I propose to call this problem 2SUBSET-BINARY-VECTOR-SUM due to the fact that we are looking for 2 subsets of binary vectors.

Some observations:

• If $X$ contains one vector multiple times the answer becomes trivial. Let $x_i,x_j \in X$ and $x_i = x_j$. Then $A = \{x_i\}, B = \{x_j\}$ works as witness.

• If one of the vectors in $X$ contains only 0's it is trivial. Let $0 \in X$ be that vector. Then for every $A \subseteq X \setminus \{ 0 \}$ it follows $B = A \cup \{ 0 \}$ is a witness.

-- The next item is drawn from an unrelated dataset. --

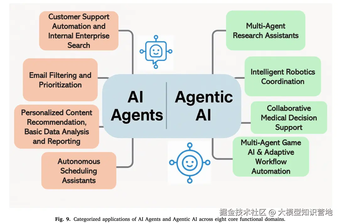 本文区分了 AI Agent 和 Agentic AI。前者是实现特定任务自动化的工具,而后者则为解决需要分布式智能和协作的复杂问题提供了新的系统范式。
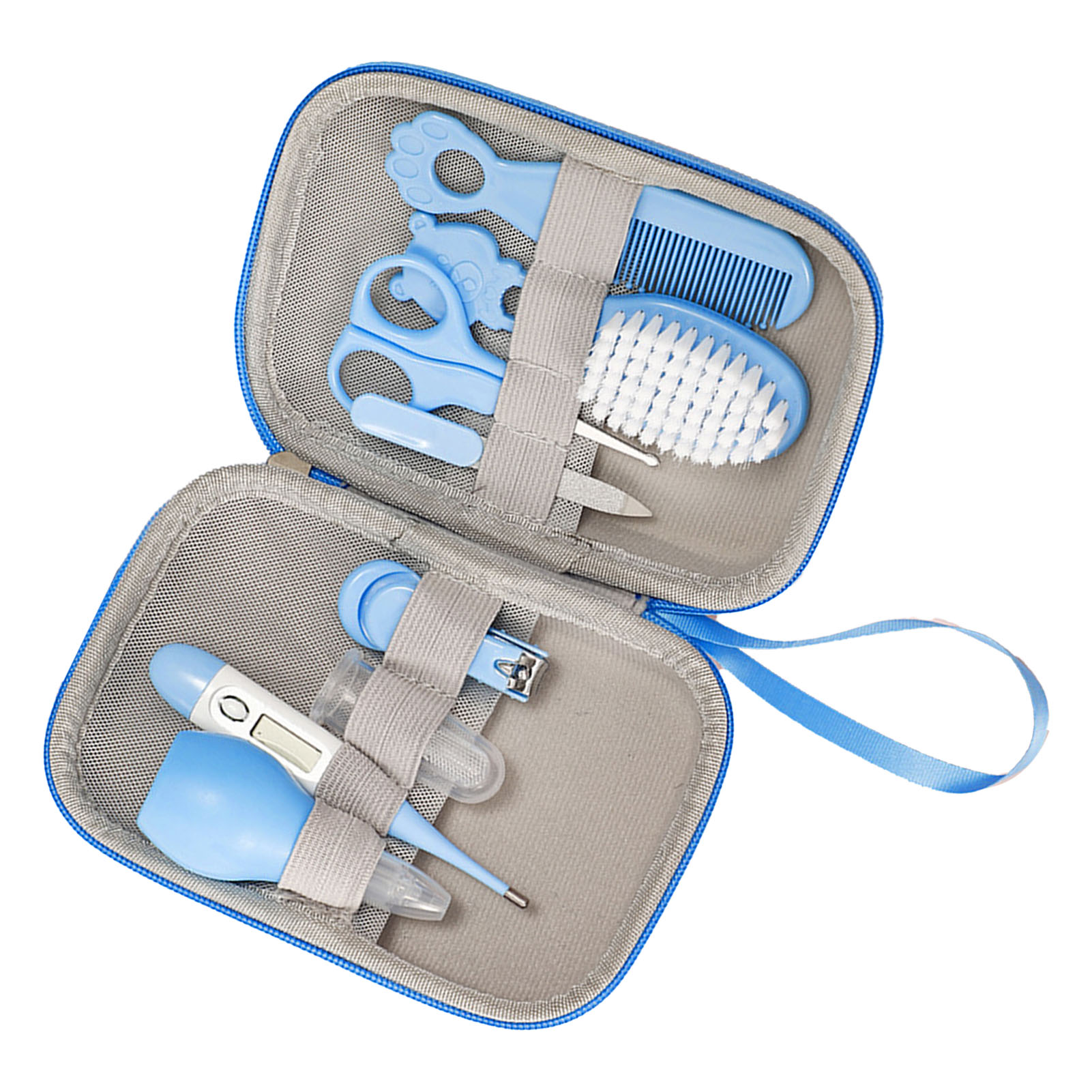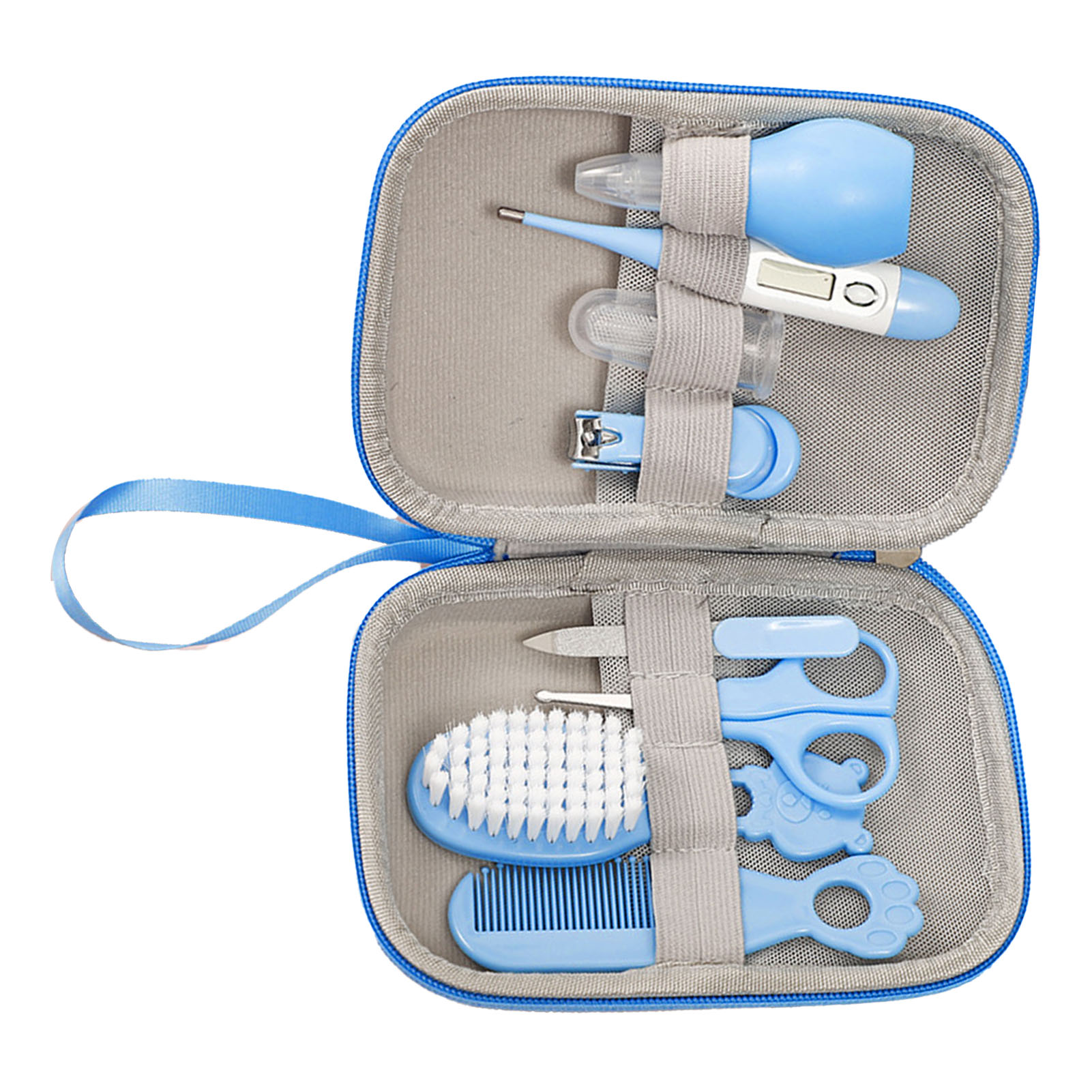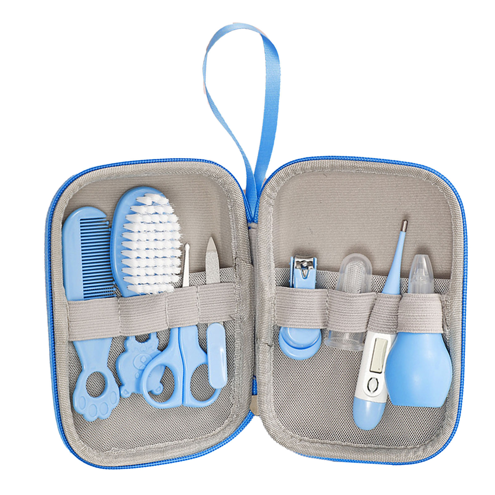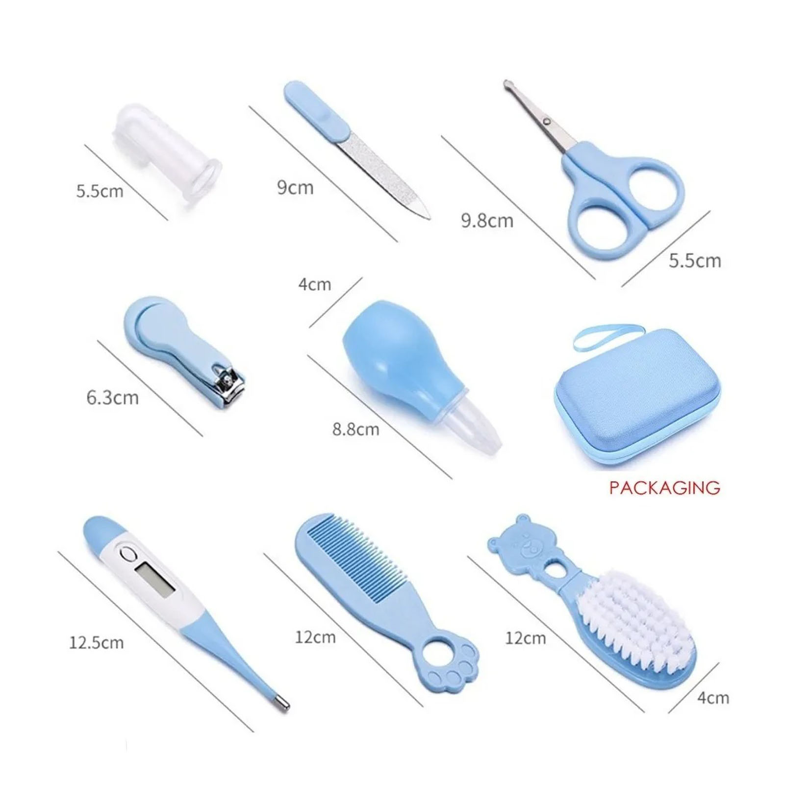 1、Baby Healthcare Kit: 8 full sets of baby healthcare tools to easily meet all needs. Includes baby brush, comb, thermometer, nail clipper, nail file, scissors, nose cleaner, and toothbrush. 2、Material: To keep every baby healthy and cared for at all times, we have designed this wash kit made of premium soft silicone material that is safe and easy to use. 3、Baby Nail Set: Give your baby's nails a good touch. Round ended scissors, mini nail clippers and nail files are designed for babies to prevent accidental injuries. 4、Small And Portable: The blue baby healthcare kit is light weight and very easy to carry, whether at home or traveling. 5、Applicability: Suitable for newborns to toddlers! High end parenting care kit is perfect for birthday gifts, baby shower gifts or Christmas gifts!

• Assume there exists a witness such that $A \subset B$. This implies that every vector that is in $B$ but not in $A$ must consist of zeroes only.

• To subsume the above two points: a witness $A,B$ with $A \subset B$ exists iff at least one of the vectors in $X$ contains only zeroes

• Assume there exists a witness $A,B$ such that $A \cap B \neq \emptyset$. You can remove the common elements in both sets and still have a correct witness.

These points essentialy mean that you are looking for a partition of $X$ into two sets($A \cup B = X$) or three sets. The third set represents the vectors which weren't choosen for either $A$ or $B$. Let $S(n,k)$ be the Stirling numbers of the second kind - the number of ways to partition a set of $n$ objects into $k$ non-empty partitions. Then there are $S(n,3)+S(n,2)$ possible solutions, so brute force isn't feasible here.

If you allow the vectors to be over $\mathbb{N}^m$ (2SUBSET-VECTOR-SUM), then we can try to reduce UNIQUE-PARTITION to this problem. Let $m=1$ and simply pass the instance of UNIQUE-PARTITION(if it contains 0, remove it first to avoid trivial solutions). However, this doesn't work since possible solutions $A,B$ don't necessarily contain all input elements:

Consider $\{1,2,3,5\}$. This isn't in UNIQUE-PARTITION but $A=\{1,2\} , B = \{3\}$ in 2SUBSET-VECTOR-SUM. Maybe using $m>1$ we can use the additional vector entries to force $A,B$ to partition the input.